While the cellular and molecular hallmarks of MS reveal the disease’s inner workings, the bigger picture lies in whom MS affects, and how. Well, MS does not strike at random. It follows distinct demographic patterns, and at the forefront of these is a striking gender disparity. Globally, women are two to three times more likely to be diagnosed with MS than men, a gap that has widened over the past few decades. This isn’t just an epidemiological curiosity, but a call to reframe how we understand the disease, how we diagnose it, and most importantly, how we treat it. The reasons to look into gender disparity in MS and why women are more susceptible to it are multifaceted: to begin with, hormonal factors play a key role. Estrogen and progesterone, which fluctuate throughout life events like menstruation, pregnancy, and menopause, significantly influence immune responses. For instance, MS relapse rates drop dramatically during the third trimester of pregnancy, when estrogen levels are high, only to rebound postpartum. Genetics also intersect with sex. Women are more likely to carry the HLA-DRB1*15:01 allele, the strongest known genetic risk factor for MS. Additionally, X-linked immune regulatory genes may drive heightened immune reactivity in women. Lastly, immunological differences reveal that women tend to mount more robust, but also more dysregulated immune responses — explaining their increased risk for a range of autoimmune conditions, including MS. While women are more likely to develop MS, their experience of the disease often differs from men and not always in ways that benefit them, highlighting a crucial need for early intervention, disease-modifying therapies (DMTs) and personalized medicine.


"(...) the future of MS care isn’t just personalized — it’s inclusive, intentional, and driven by those who have been overlooked for too long"

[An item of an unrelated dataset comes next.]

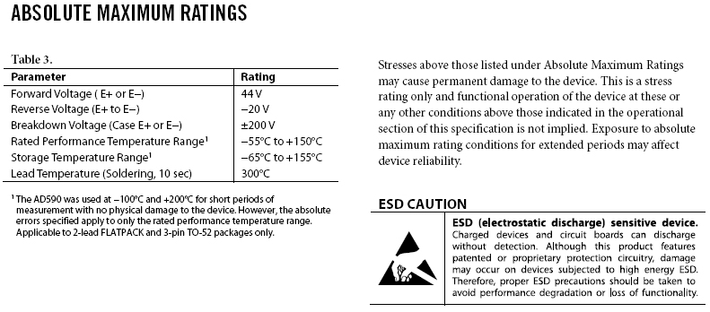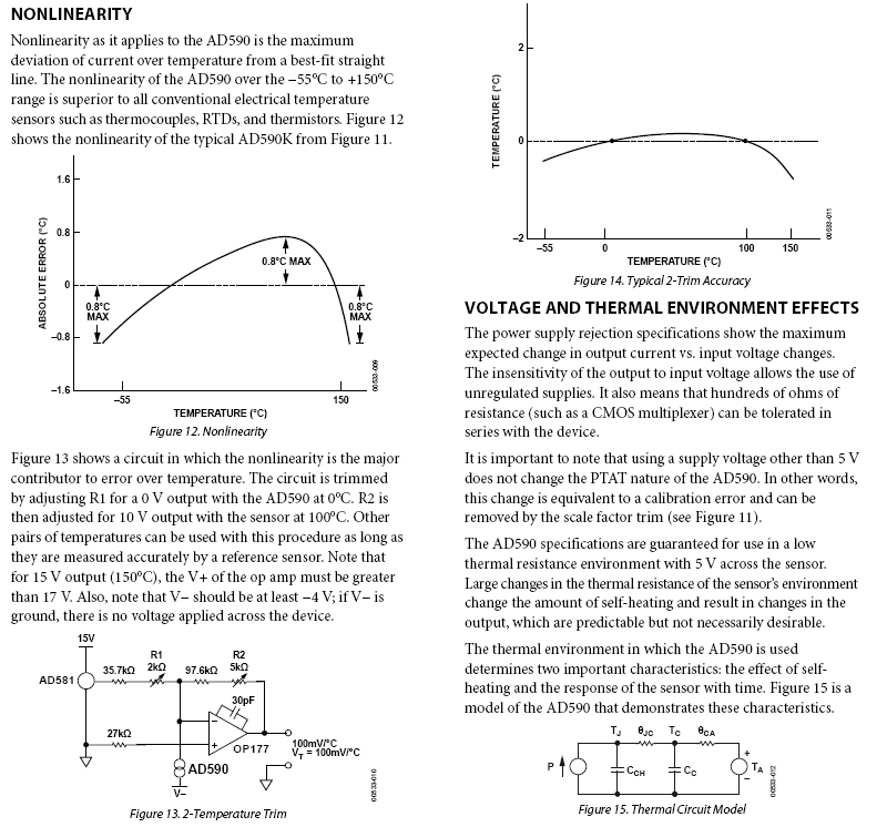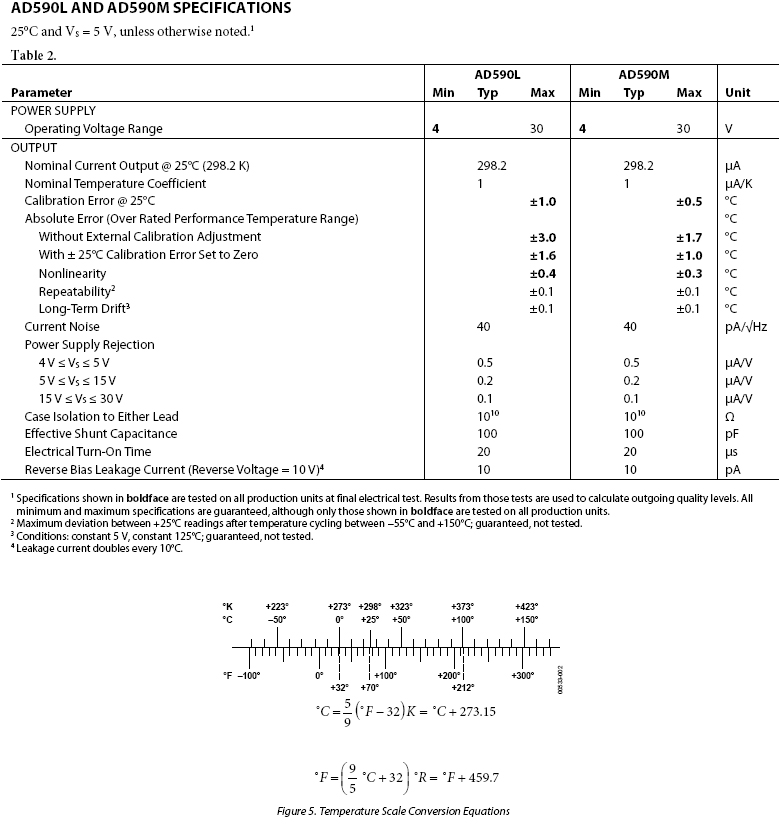●出色的線性度:滿量程範圍±0.3°C (AD590M)

Precision in pink: personalized MS care for women


Though MS disproportionately affects women, the research and treatment landscape has only recently begun to reflect that reality. Fortunately, we are now entering an era where personalized medicine is no longer theoretical — it’s tangible, and evolving! A range of DMTs, including interferons, glatiramer acetate, fingolimod, ocrelizumab, and natalizumab, are already in clinical use and can be tailored based on disease activity, patient age, comorbidities, and their reproductive plans. Some treatments, like glatiramer acetate and interferon-beta, are considered safer options during pregnancy, offering flexibility for women who are planning families. Others are designed for high-efficacy early intervention and are being studied in the context of long-term immune reprogramming. In the current light, even though true sex-informed personalization remains a work in progress, tools like MRI lesion profiling, neurofilament light chain  biomarkers, and genetic screening for HLA-DRB1*15:01 help clinicians stratify risk and monitor disease progression. Meanwhile, digital health platforms and patient-centered data collection are enabling more responsive, individualized treatment plans.


In terms of aging women, very few therapies are rigorously tested across hormonal life stages. Women entering menopause, for instance, may experience changes in disease course, yet there is minimal guidance on how treatments should be adapted. Clinical trials often underrepresent women, and even fewer account for factors like hormonal contraception or menstrual cycling in therapeutic outcomes. This is precisely why we need targeted investment, policy, and research that centers women—not as a subgroup, but as a biological priority.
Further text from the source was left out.